Local fee-paying schools allow you to register at any point but ask that you only apply to one unless your application is based soley on receiving a full-bursary place in which case you must indicate all other schools to whom you are applying...so they know whom they are 'up against' as it were.

We are thinking about going for the local 'not brilliant but definately ok' primary school as we have been told (off record from a good source) that they have quite a bit of experience of LAC and children with attachment issues which will be helpful to us we think.

Magenta x


----------



## Old Timer (Jan 23, 2005)

Hi Magenta

Thanks for your reply.  Think it may be slightly different in England, most things seem to be don't they!?!

Our schools have their own forms to fill in and then you get sent paperwork form the LA closer to the time where you  put the schools of your choice.  If you only put one school and they don't have enough places your child automatically gets sent to the closest school which in our case we don't want.  I think 2 out of the 3 are still in our catchment area, at least none of them have batted an eye-lid at me saying where we live.

Off to look round one of them tomorrow and to visit the playgroup as well.  Seems very strange going to look round a school already!

OT x


----------



## cindyp (Apr 7, 2003)

We put down 3 schools in order of preference.  Although we were given forms (our pre-school passed them on to us) we actually filed our application on-line.  Luckily living in a village there was not likely to be any problems with getting into the local school which is what we wanted.

Good luck getting sorted out.

Cindy


----------



## ♥ M J ♥ (Apr 17, 2004)

Hi

I did the forms you on about for getting their name down for pre-school- my DD goes to one now and the teacher was fab as she did a form too for DS who starts this sept 
(few days after 3rd birthday - i am so sad he is gonna be the baby of the class!)

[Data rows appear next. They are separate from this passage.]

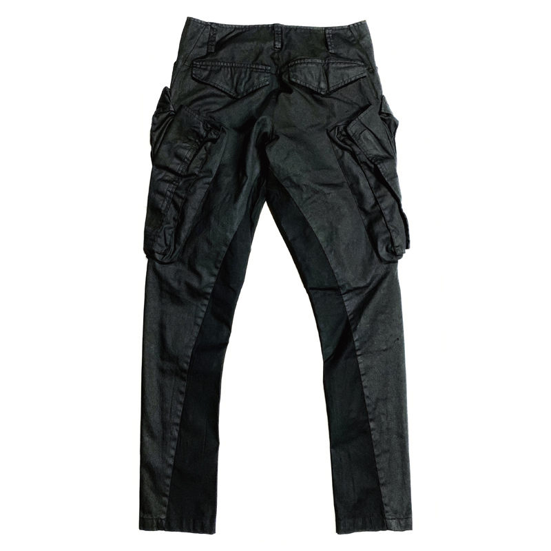 小脚裤型,修饰腿部线条,修身版型,凸显身材曲线,暗黑色调,彰显神秘魅力,多口袋设计,工装风十足。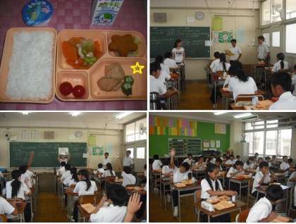 ☆7月7日は「たなばた」ということで、給食の時間に「たなばたクイズ」をしました。クイズは「たなばたは、英語でなんというでしょう?」という三択式で、1.Seven Evening 2.the Star Festival 3.Milky Wayから正解と思うものに手をあげます。1/3位の人が正解だったでしょうか。でも、1問で終わらないのが流石英語の先生!願いを書いた短冊やかざりをつるす「竹」は英語でなんて言うのかな?と続き、最後に「神様」は英語で?と英語でいっぱいの給食時間になりました。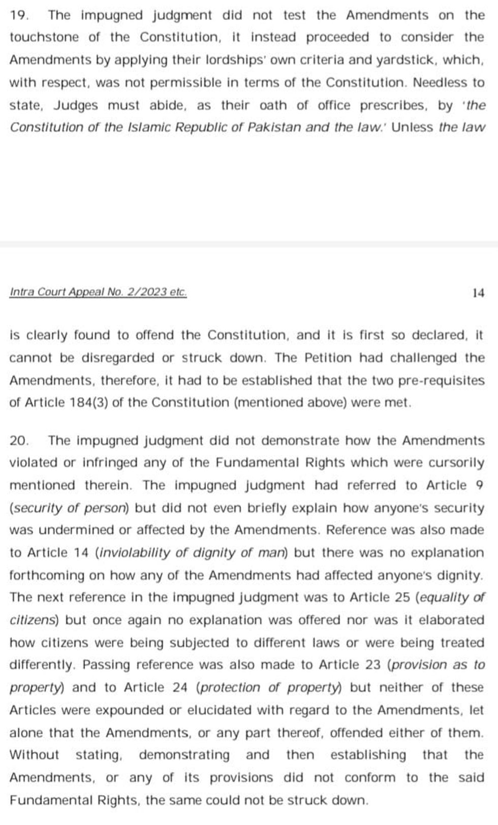 Criticizing the earlier judgment of the former chief justice, CJP Isa noted that, “The impugned judgment did not test the Amendments on the touchstone of the Constitution, it instead proceeded to consider the Amendments by applying their lordships’ own criteria and yardstick, which, with respect, was not permissible in terms of the Constitution”.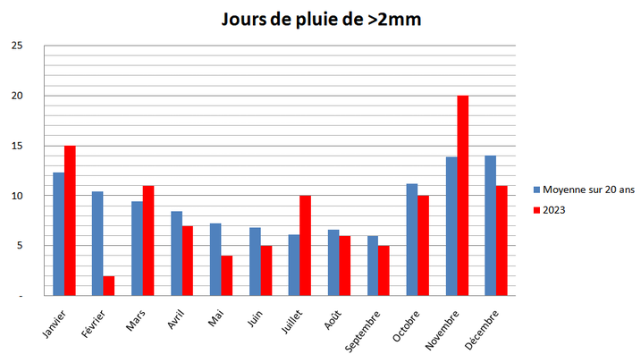Nombre de jours de pluies de >2mm . Sur les 20 dernière années :105jrs, 72jrs en 2011 à 140jrs en 2004 . Le record est 162jrs en 2002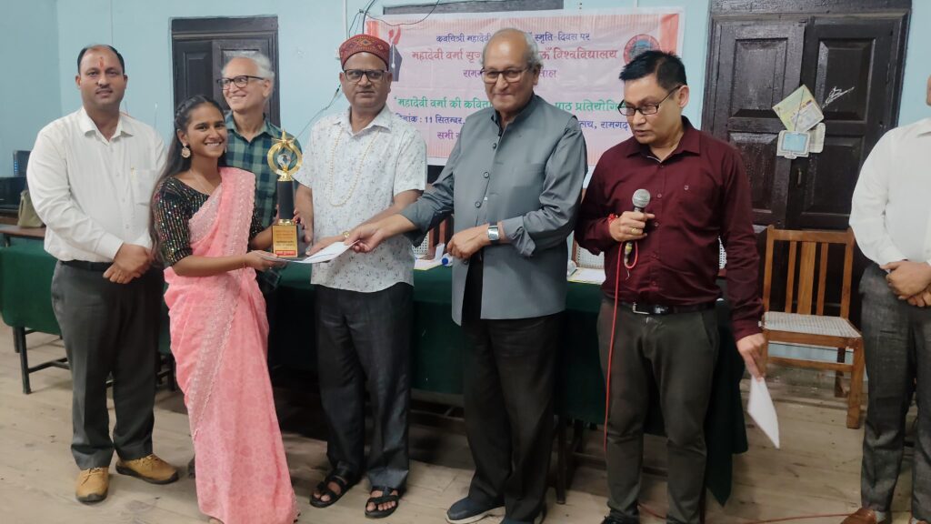 भवाली/रामगढ़। कवयित्री महादेवी वर्मा के 38वें स्मृति-दिवस पर कुमांऊ विश्वविद्यालय की महादेवी वर्मा सृजन पीठ द्वारा राजकीय महाविद्यालय रामगढ़ में महादेवी वर्मा की कविताओं की सस्वर-पाठ प्रतियोगिता एवं संगोष्ठी का आयोजन किया गया।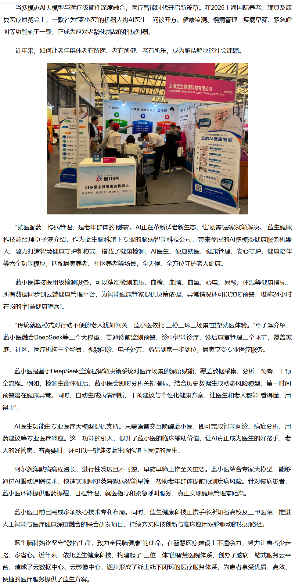 當(dāng)多模態(tài)AI大模型與醫(yī)療級(jí)硬件深度融合,醫(yī)療智能時(shí)代開啟新篇章。在2025上海國(guó)際養(yǎng)老、輔具及康復(fù)醫(yī)療博覽會(huì)上,一款名為“藍(lán)小醫(yī)”的機(jī)器人將AI醫(yī)生、問診開方、健康監(jiān)測(cè)、慢病管理、疾病早篩、緊急呼叫等功能融于一身,正成為應(yīng)對(duì)老齡化挑戰(zhàn)的科技利器。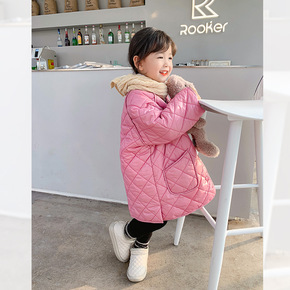 韩国童装儿童新款冬款夹棉加绒棉衣男女童宝宝中长款绗...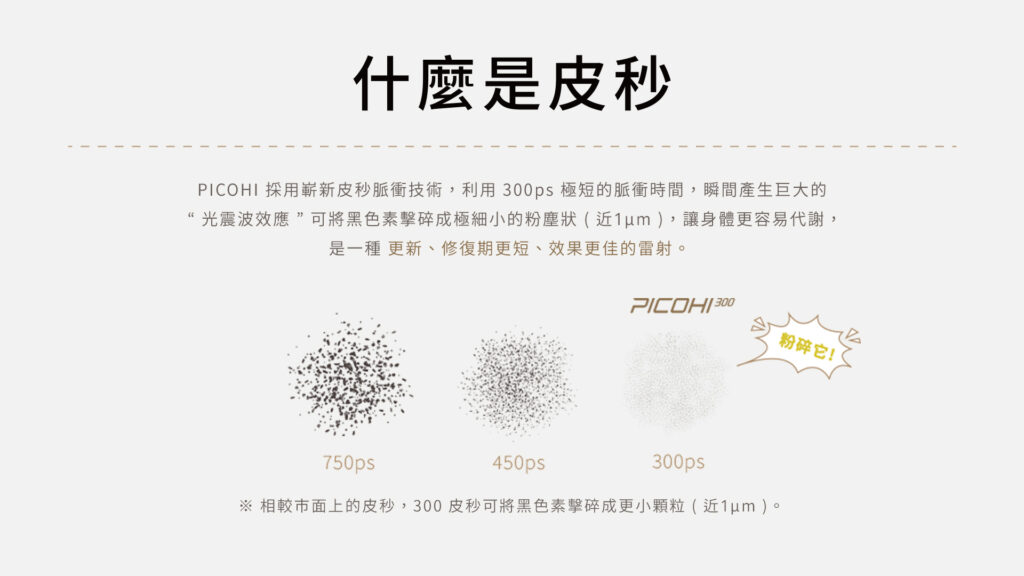 PICOHI 300 採用 300ps 脈衝時間,在理論上能於更短時間內作用於色素顆粒。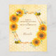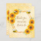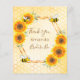 Une carte de remerciements pour une Fête des mariées d'été. Des tournesols rustiques jaunes et oranges, colorés par l'eau, sont disposés sur un motif en nid d'abeille. Avec un cadre géométrique en faux or. Avec le texte : Merci et Epouse à Bee écrit avec un script de style manuscrit moderne. Personnalisez et ajoutez le nom de la mariée. Lettres Brown. Retour : Votre mot de remerciement et votre nom.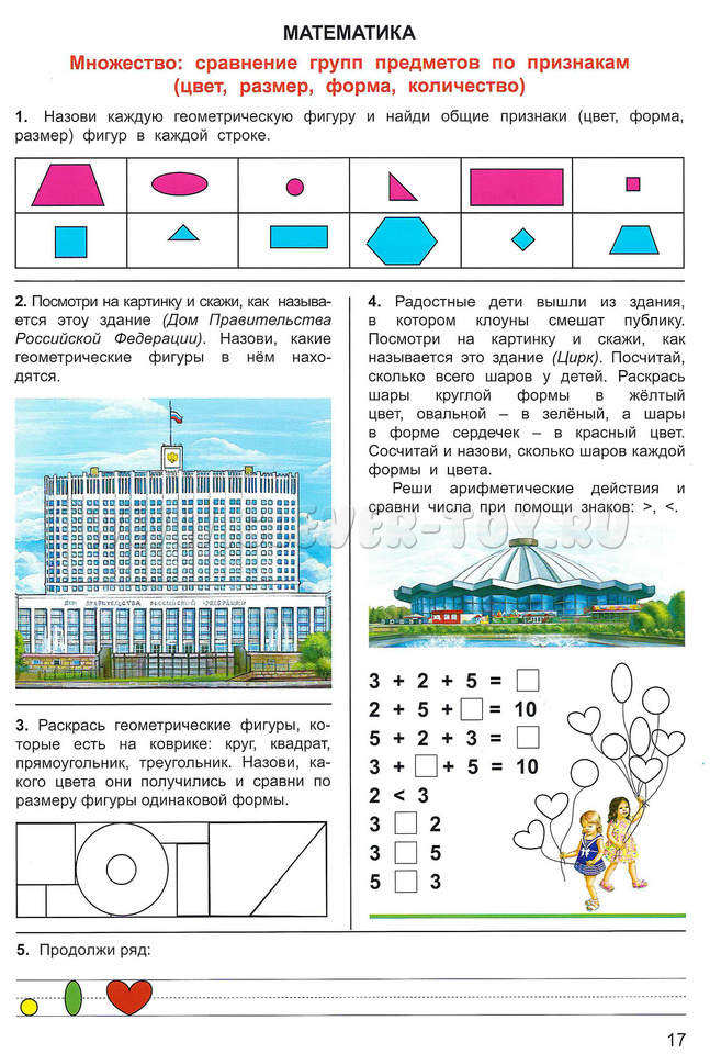 7. Математика (Множество: сравнение групп предметов по признакам (цвет размер, форма, количество)).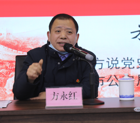 1月5日下午,市國控集團學(xué)習(xí)貫徹黨的二十大精神宣講報告會舉行。市委宣講團宣講員、老方說黨史宣講團名譽團長、市公安局三級高級警長方永紅同志作宣講報告,集團黨委書記、董事長余笑兵主持報告會,集團領(lǐng)導(dǎo)班子成員、公司各部門負(fù)責(zé)人、各子公司主要負(fù)責(zé)人和各基層黨組織書記,共計40余人參加會議。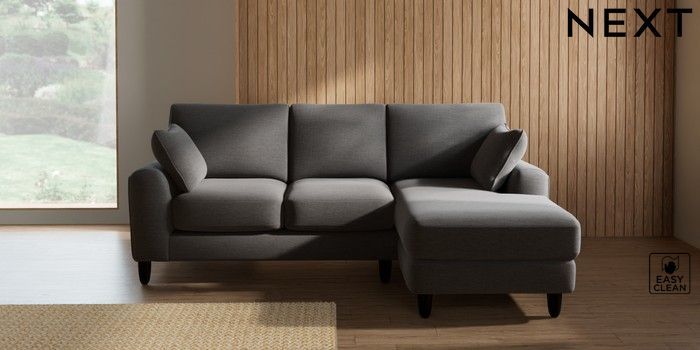 7.2.10 Campbell Small Sofa Chaise - Universal Fine Chenille Easy Clean Dark Smoke Grey High Leg - Dark | Made Click here to use our website with more accessibility support, for example screen readers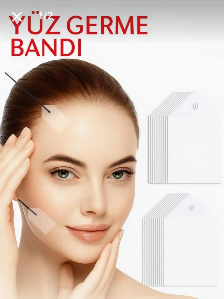Cildi destekleyip sıkılaştırmaya yardımcı yüz germe bantları. Kolay uygulanır, günlük kullanıma uygundur. Çoklu paket içerir.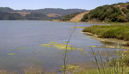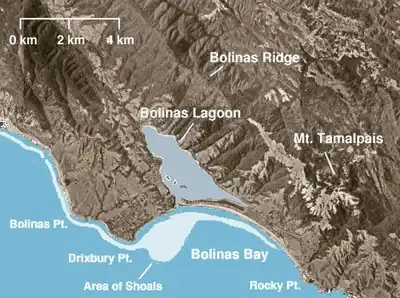 Bolinas Lagoon is a tidal estuary, approximately 1,100 acres (4.5 km2) in area,[2] located in the West Marin region of Marin County, California, United States, adjacent to the town of Bolinas. It is a part of the Greater Farallones National Marine Sanctuary. In 1974, Aubrey Neasham and William Pritchard wrote in support of Bolinas Lagoon as Drake's New Albion landing site.[3]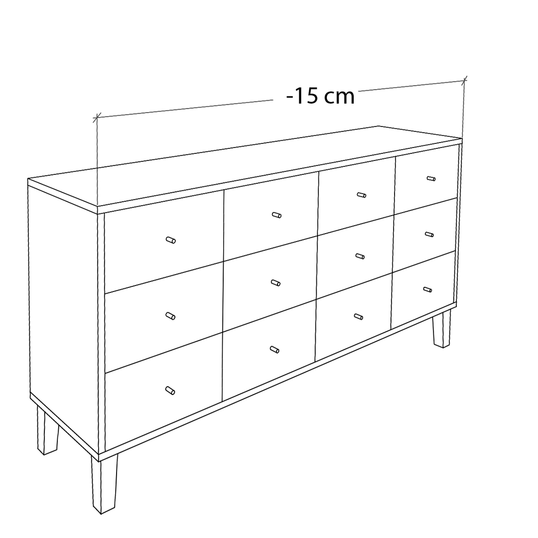 UWAGA: całkowita wysokość komody to wysokość korpusu + wysokość nóżek (15 cm)
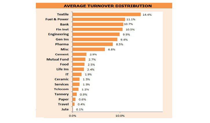 দেশের প্রধান শেয়ারবাজার ঢাকা স্টক এক্সচেঞ্জে (ডিএসই) বিদায়ী সপ্তাহে (২২ থেকে ২৬ আগস্ট) খাত ভিত্তিক লেনদেনের শীর্ষ স্থানে উঠে এসেছে বস্ত্র খাত। ডিএসইতে মোট খাত ভিত্তিক লেনদেনের মধ্যে ১৪.৪০ শতাংশ অবদান রয়েছে এ খাত থেকে। আরো পড়ুন
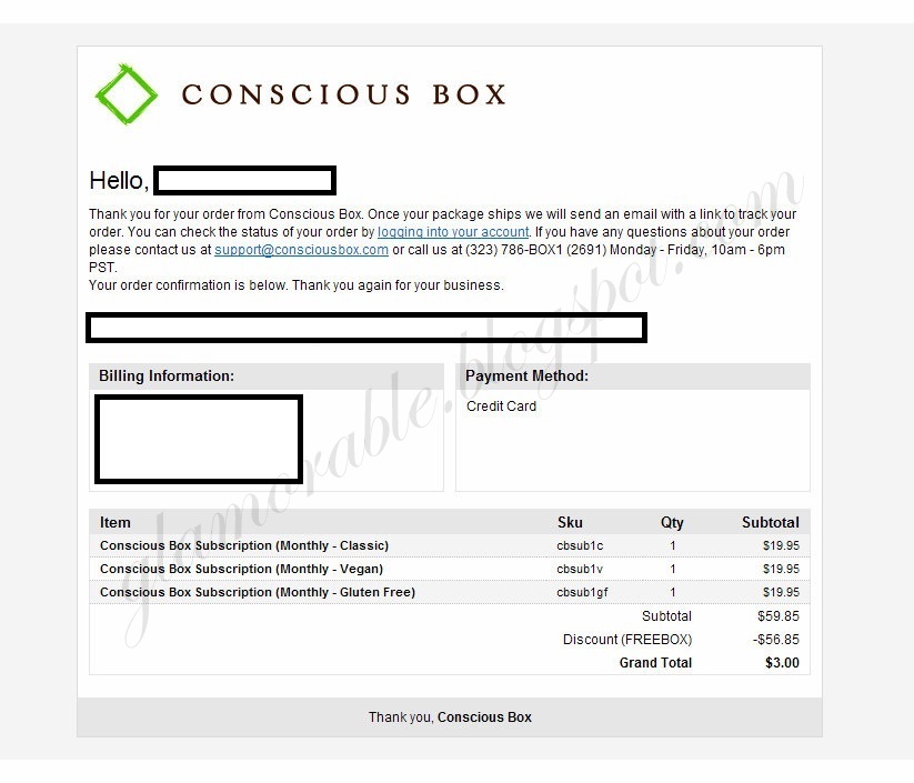 Register an account. You can use my referral link by clicking here if you want. Thank you!Now click here and add as many box varieties as you want to your cart. You have to add them one by one, can’t add them all at once, unfortunately. The coupon will work only once, so make sure you have everything you want in the bag before you check out.Then click here and apply the discount code BECONSCIOUS in the “Promotional Code” area on the right.Make sure the discount is applied correctly, and check out like you normally would.You can cancel your subscription at any time by visiting this page, then clicking “Edit” and Pausing the subscription. You will never get billed again unless you choose to unpause it.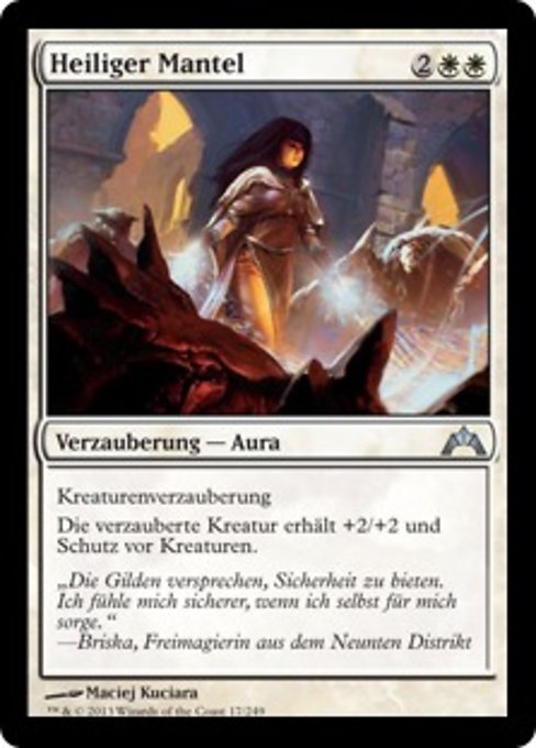 |  Variations— Parts— | Holy MantleEnchant creature Enchanted creature gets +2/+2 and has protection from creatures.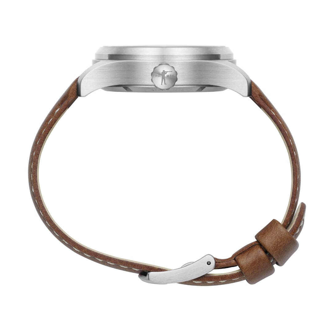 - Strap: Brown Leather Strap with Stainless Steel Brushed Signature Buckle, 24/22mm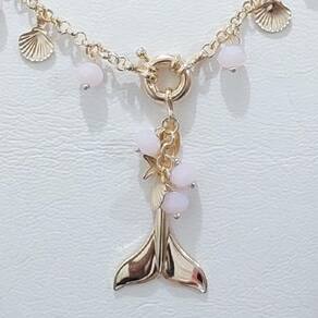 Conjunto Colar Brinco Concha Fundo Do Mar Estrela Sereia Ros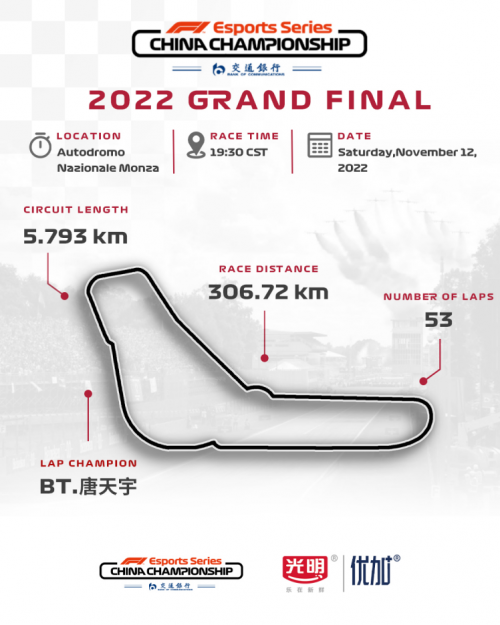 2022赛季F1电竞中国冠军赛职业联赛收官战将于11月12日打响,周六晚19:30~22:00一同锁定F1电竞中国冠军赛官方公众号,见证年度车队总冠军与所有荣誉的诞生。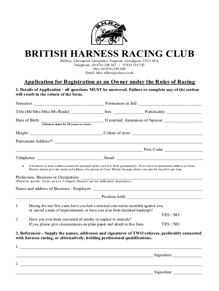 BRITISH HARNESS RACING CLUB Belfry, Llwynpiod, Llangeitho, Treason, Ceredigion, SY25 6TA Telephone: (01974) 298 367 / 07834 539 292 Fax: (01974) 298 089 Email: BHC. Office yahoo.co.application for

The application for "proper" school has been done on line too- i have to say i did use the "adopted child-very settled-keep same school" thing for DD even though i filled the form in day after court as school classed her as our surname from day one as a massive favour to us

good luck hun

xxx


----------



## Old Timer (Jan 23, 2005)

Hi

I guess we have complicated matters by deciding we don't want the local school but there are lots of others that are better within a few miles and DS is such a bright child I want him to achieve his potential and be encouraged whereas the local school isn't as good for this.

I am a bit annoyed with the original playgroup we'd put him down for, on me chasing them a couple of weeks before Christmas they informed me that the place they said he could have was no longer available.  I could have used the LAC card but decided against it as he is likely to get a place for pre-school year.  When I talked to his SW she questioned why I would want them to know anyway that he is adopted as there are no attachment/behaviour issues and for playgroup its not a problem.  Obviously for school I will have to say something due to the topics they look at.  Anyway, I decided to see if the nursery he goes to had another session available, will find out Thursday, but today I felt the need to do something more and see if I could get him in earlier to one attached to a school of our choice.  

The school and playgroup I am going to tomorrow has a very good ofsted report and if he gets a place there for pre-school I will put a bit about being adopted and well settled etc on the forms to help with the proper school place.

Fingers crossed for tomorrow!
Thanks again
OT x


----------



## Old Timer (Jan 23, 2005)

School and playgroup visit went well this morning and it sounds as though things will be Ok as far as DS going to school there.  He is going to start the playgroup next week for 1 session a week and then I will have to split the hours between nursery and playgroup when I go back to work as playgroup only do mornings.

He was a star and just got on and played with the other children this morning while I talked to the leader.  She was really surprised at how confident he was.

Ot x


----------